# [WHAT THE TASK REQUIRES]
Repeat every line of the data exactly, but not the pictures.

# [STORED DATA]

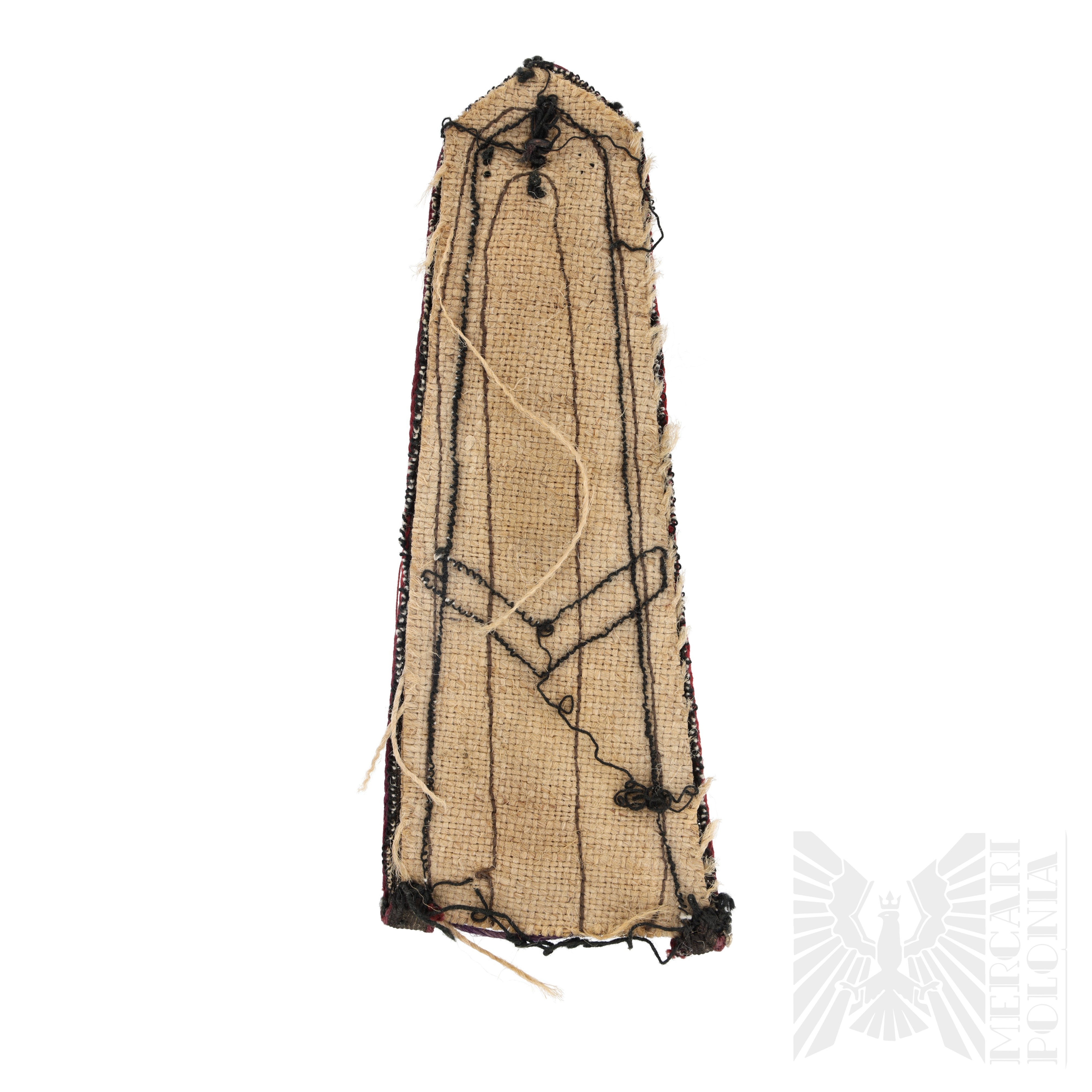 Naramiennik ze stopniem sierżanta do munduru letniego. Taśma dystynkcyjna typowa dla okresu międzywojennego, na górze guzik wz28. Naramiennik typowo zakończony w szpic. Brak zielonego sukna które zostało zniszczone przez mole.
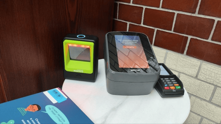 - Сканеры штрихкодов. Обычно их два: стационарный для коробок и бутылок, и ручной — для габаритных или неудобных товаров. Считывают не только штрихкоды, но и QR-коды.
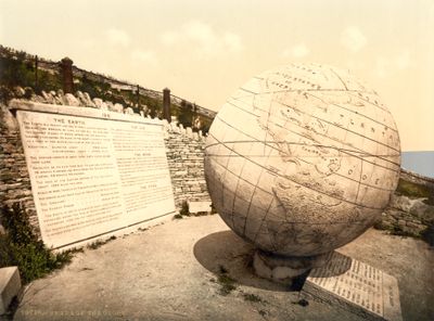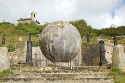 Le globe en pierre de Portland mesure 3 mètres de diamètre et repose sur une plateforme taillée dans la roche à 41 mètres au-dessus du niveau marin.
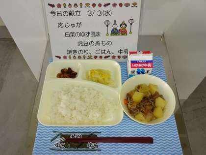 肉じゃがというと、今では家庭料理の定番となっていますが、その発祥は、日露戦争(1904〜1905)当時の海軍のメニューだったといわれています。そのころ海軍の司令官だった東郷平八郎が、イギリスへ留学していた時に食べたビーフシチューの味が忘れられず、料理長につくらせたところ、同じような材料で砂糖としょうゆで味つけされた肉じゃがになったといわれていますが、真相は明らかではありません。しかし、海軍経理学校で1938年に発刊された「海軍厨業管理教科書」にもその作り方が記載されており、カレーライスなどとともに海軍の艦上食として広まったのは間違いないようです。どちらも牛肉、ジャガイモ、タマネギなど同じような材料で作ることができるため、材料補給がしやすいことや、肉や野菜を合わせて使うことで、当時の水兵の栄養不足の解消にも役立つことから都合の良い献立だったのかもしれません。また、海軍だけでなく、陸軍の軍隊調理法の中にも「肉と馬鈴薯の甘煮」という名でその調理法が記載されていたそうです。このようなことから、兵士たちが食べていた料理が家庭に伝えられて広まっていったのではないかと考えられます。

# [WRITTEN SOLUTION]
 Naramiennik ze stopniem sierżanta do munduru letniego. Taśma dystynkcyjna typowa dla okresu międzywojennego, na górze guzik wz28. Naramiennik typowo zakończony w szpic. Brak zielonego sukna które zostało zniszczone przez mole.
 - Сканеры штрихкодов. Обычно их два: стационарный для коробок и бутылок, и ручной — для габаритных или неудобных товаров. Считывают не только штрихкоды, но и QR-коды.
 Le globe en pierre de Portland mesure 3 mètres de diamètre et repose sur une plateforme taillée dans la roche à 41 mètres au-dessus du niveau marin.
 肉じゃがというと、今では家庭料理の定番となっていますが、その発祥は、日露戦争(1904〜1905)当時の海軍のメニューだったといわれています。そのころ海軍の司令官だった東郷平八郎が、イギリスへ留学していた時に食べたビーフシチューの味が忘れられず、料理長につくらせたところ、同じような材料で砂糖としょうゆで味つけされた肉じゃがになったといわれていますが、真相は明らかではありません。しかし、海軍経理学校で1938年に発刊された「海軍厨業管理教科書」にもその作り方が記載されており、カレーライスなどとともに海軍の艦上食として広まったのは間違いないようです。どちらも牛肉、ジャガイモ、タマネギなど同じような材料で作ることができるため、材料補給がしやすいことや、肉や野菜を合わせて使うことで、当時の水兵の栄養不足の解消にも役立つことから都合の良い献立だったのかもしれません。また、海軍だけでなく、陸軍の軍隊調理法の中にも「肉と馬鈴薯の甘煮」という名でその調理法が記載されていたそうです。このようなことから、兵士たちが食べていた料理が家庭に伝えられて広まっていったのではないかと考えられます。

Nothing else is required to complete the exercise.